In the paper’s conclusion, they note that Ovis-U1 currently does not include a reinforcement learning stage, even though such a stage has shown itself to be critical for large-model optimization. They also point out that creating effective ways to align unified multimodal models with human preferences remains an important open research question in this area.
Now that we have reviewed the model architecture and training process, let’s run the model.
Implementation
Start by setting up a GPU server (e.g., by centron). Once it’s ready, clone the repository and install the necessary packages. You can do this using the shell commands below in the terminal. As an alternative, you can also try the model on HuggingFace Spaces.

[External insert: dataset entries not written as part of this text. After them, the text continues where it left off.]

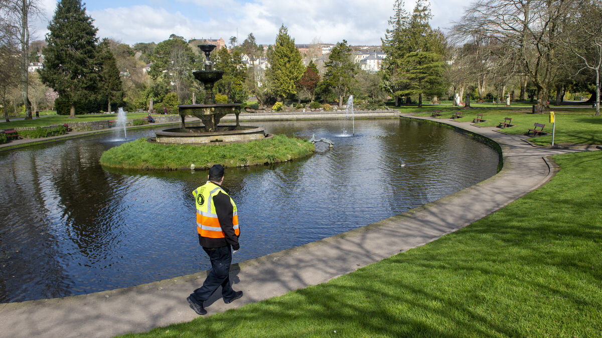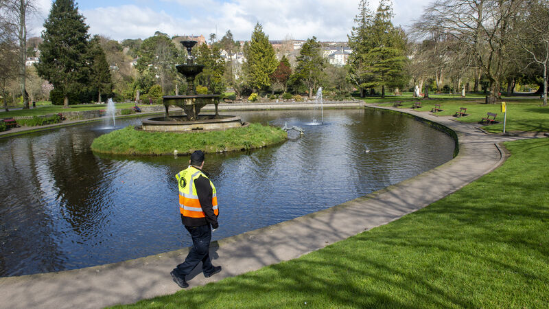 A security man on patrol in a near deserted Fitzgerald’s Park in Cork. Picture: Dan Linehan
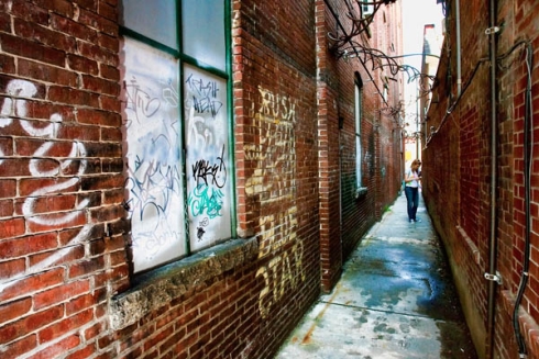 Alley between the Coffee Corner and Bear Pond Books in Montpelier Vermont.
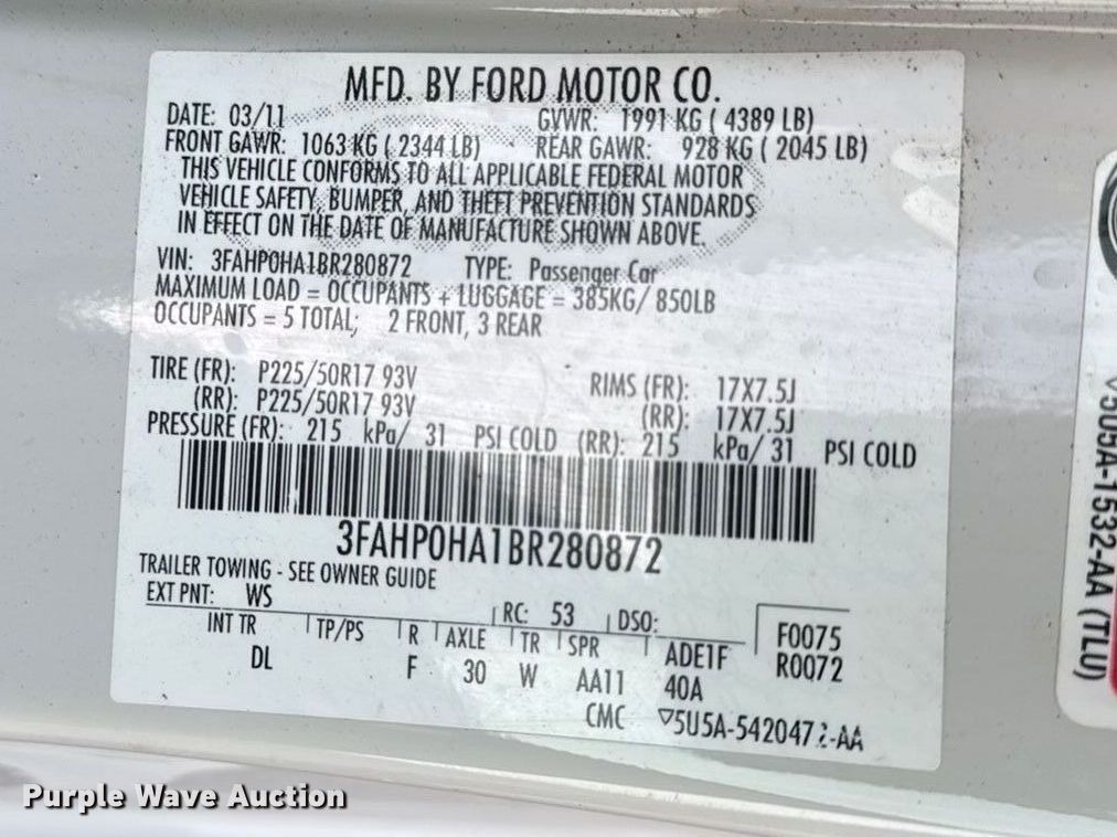 Purple Wave is selling a used Passenger Vehicle in Kansas. This item is a 2011 Ford Fusion with the following: Miles: 63,349 on odometer, VIN: 3FAHP0HA1BR280872
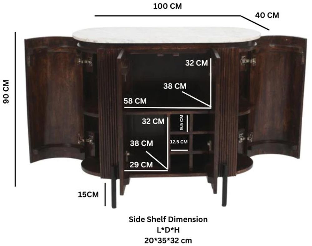 Item Code: MT05 The sleek and stylish design of this sideboard / drinks cabinet hide a multitude of storage behind the doors. Featuring 4 doors there is ample shelving available for drinks bottles and glasses, or double as a sideboard for books / games etc. The elegant marble top will stand the test of time and the Artwork fluted mango wood surround compliments it perfectly. Sturdy metal legs complete the look of this item which is completely handmade by our skilled craftsmen in India using eco friendly materials. It is a beautiful piece of furniture for any room in your home.
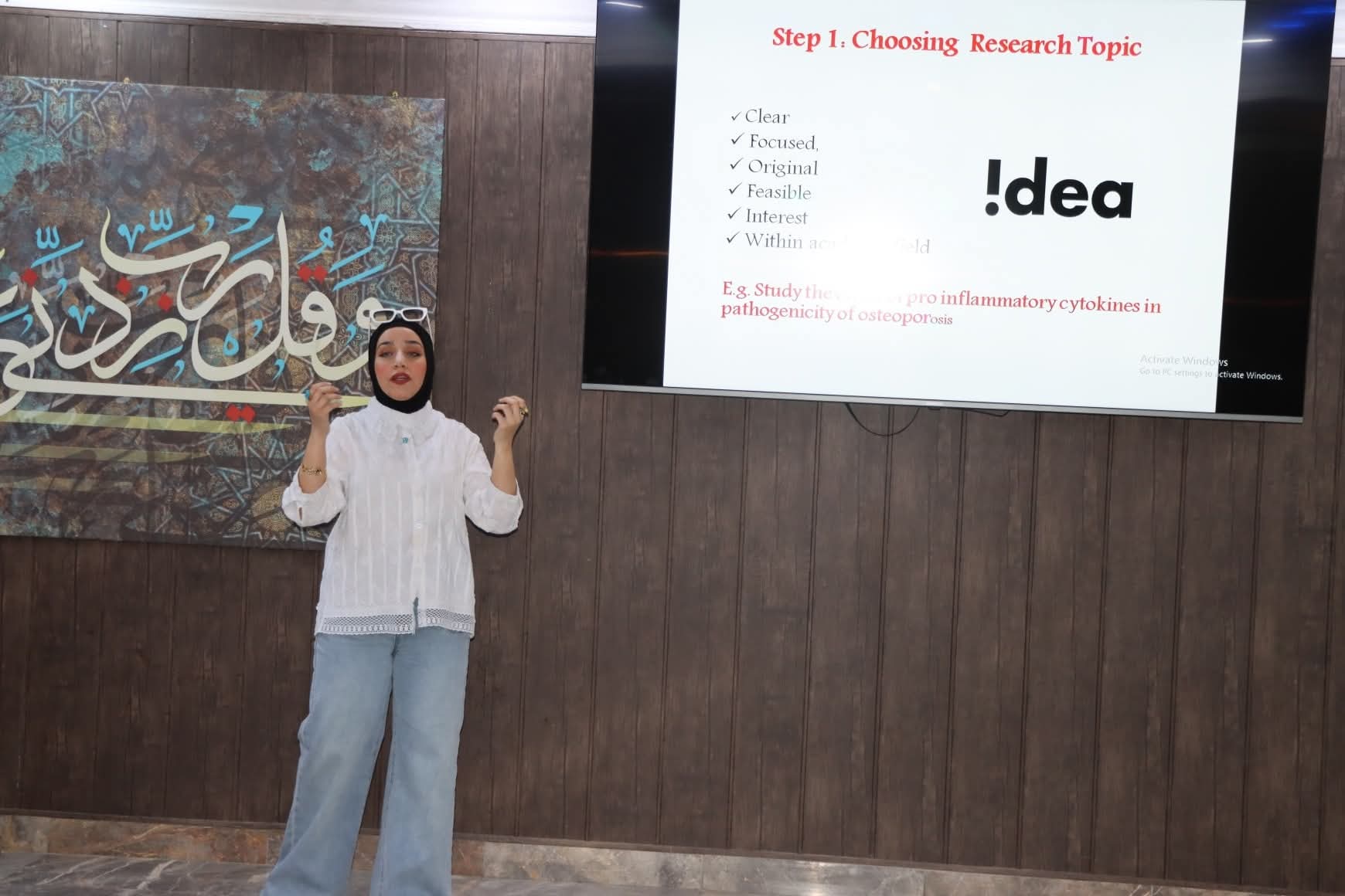 برعاية السيد عميد معهد الليزر للدراسات العليا في جامعة بغداد الأستاذ الدكتور كاظم عبد الواحد عادم المحترم، أقامت وحدة التعليم المستمر في المعهد ورشة عمل بعنوان “تعلّم كتابة البحث العلمي”، قدمتها المدرس المساعد ريم سالم سلطان، التدريسية في المعهد.
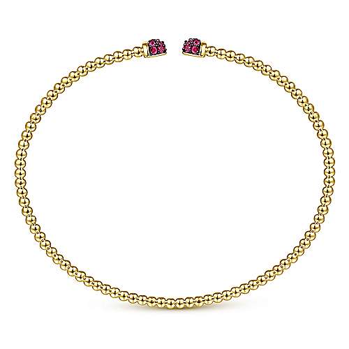 14K Yellow Gold Bujukan Bead Cuff Bracelet with Ruby Pavé Caps
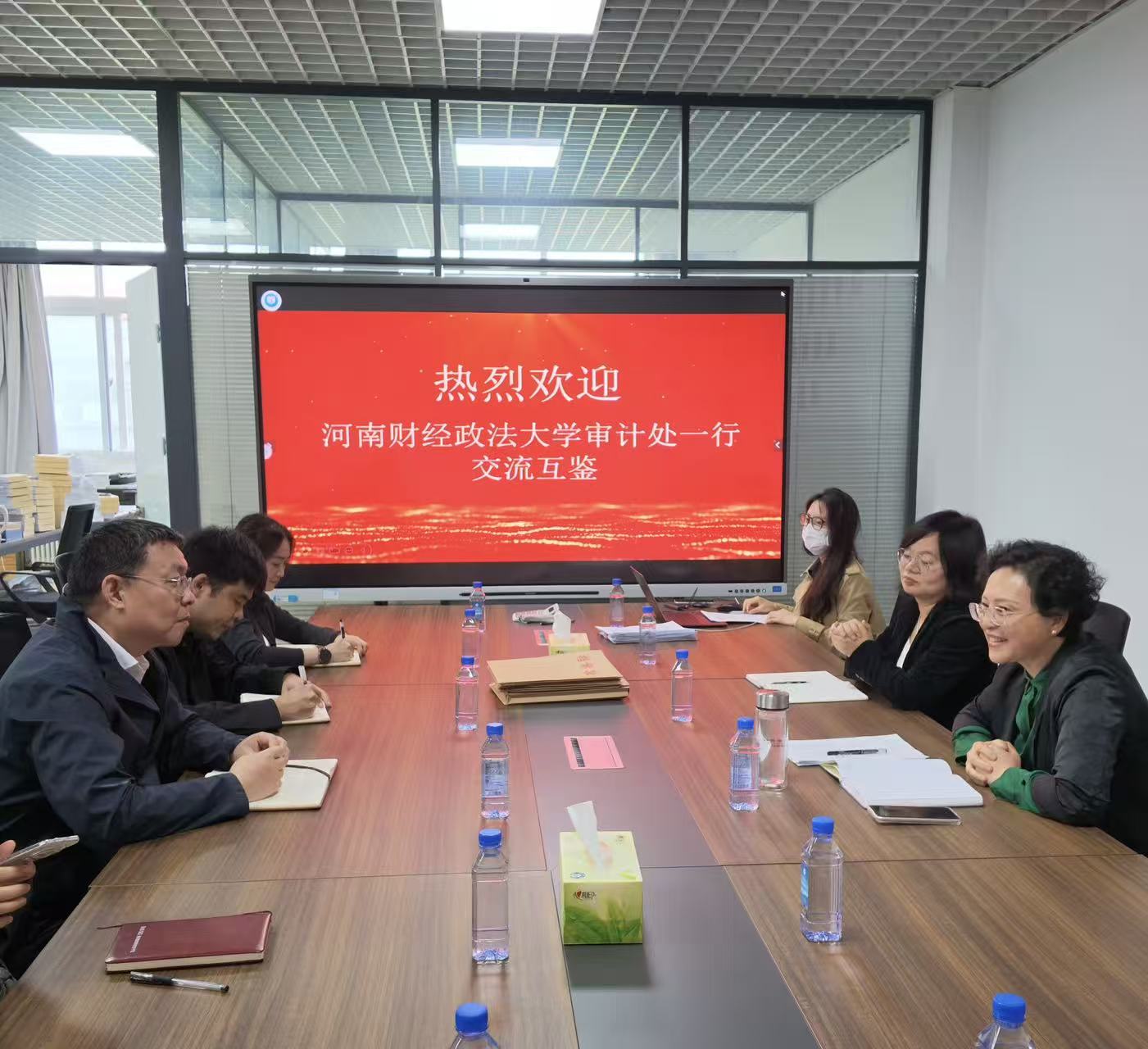 4月28月上午,河南财经政法大学审计处处长齐磊一行四人到我校审计处进行工作调研。审计处处长阮滢及审计处全体人员参加此次交流座谈会。

# Install git-lfs for handling large files
apt install git-lfs
# Clone the Ovis-U1-3B repository from HuggingFace Spaces
git-lfs clone https://huggingface.co/spaces/AIDC-AI/Ovis-U1-3B
# Change directory into the cloned repository
cd Ovis-U1-3B
# Install pip for Python package management
apt install python3-pip
# Install required Python packages from requirements.txt
pip install -r requirements.txt
# Install additional Python packages for wheel and spaces
pip install wheel spaces
# Install PyTorch with CUDA 12.8 support and upgrade existing installations
pip3 install torch torchvision torchaudio --index-url https://download.pytorch.org/whl/cu128 --upgrade
# Install xformers for optimized transformer operations
pip install -U xformers
# Install flash_attn for attention mechanism optimization
pip install flash_attn==2.7.4.post1
# Run the main application script
python app.py
Final Thoughts
We’re incredibly excited about the continued evolution of multimodal large language models (MLLMs). The combination of carefully curated datasets, architectural innovations, and iterative capability improvements makes this area of AI especially compelling to watch. It’s fascinating to see how each advancement pushes these models closer to more versatile and practical real-world applications. Feel free to try it out for yourself!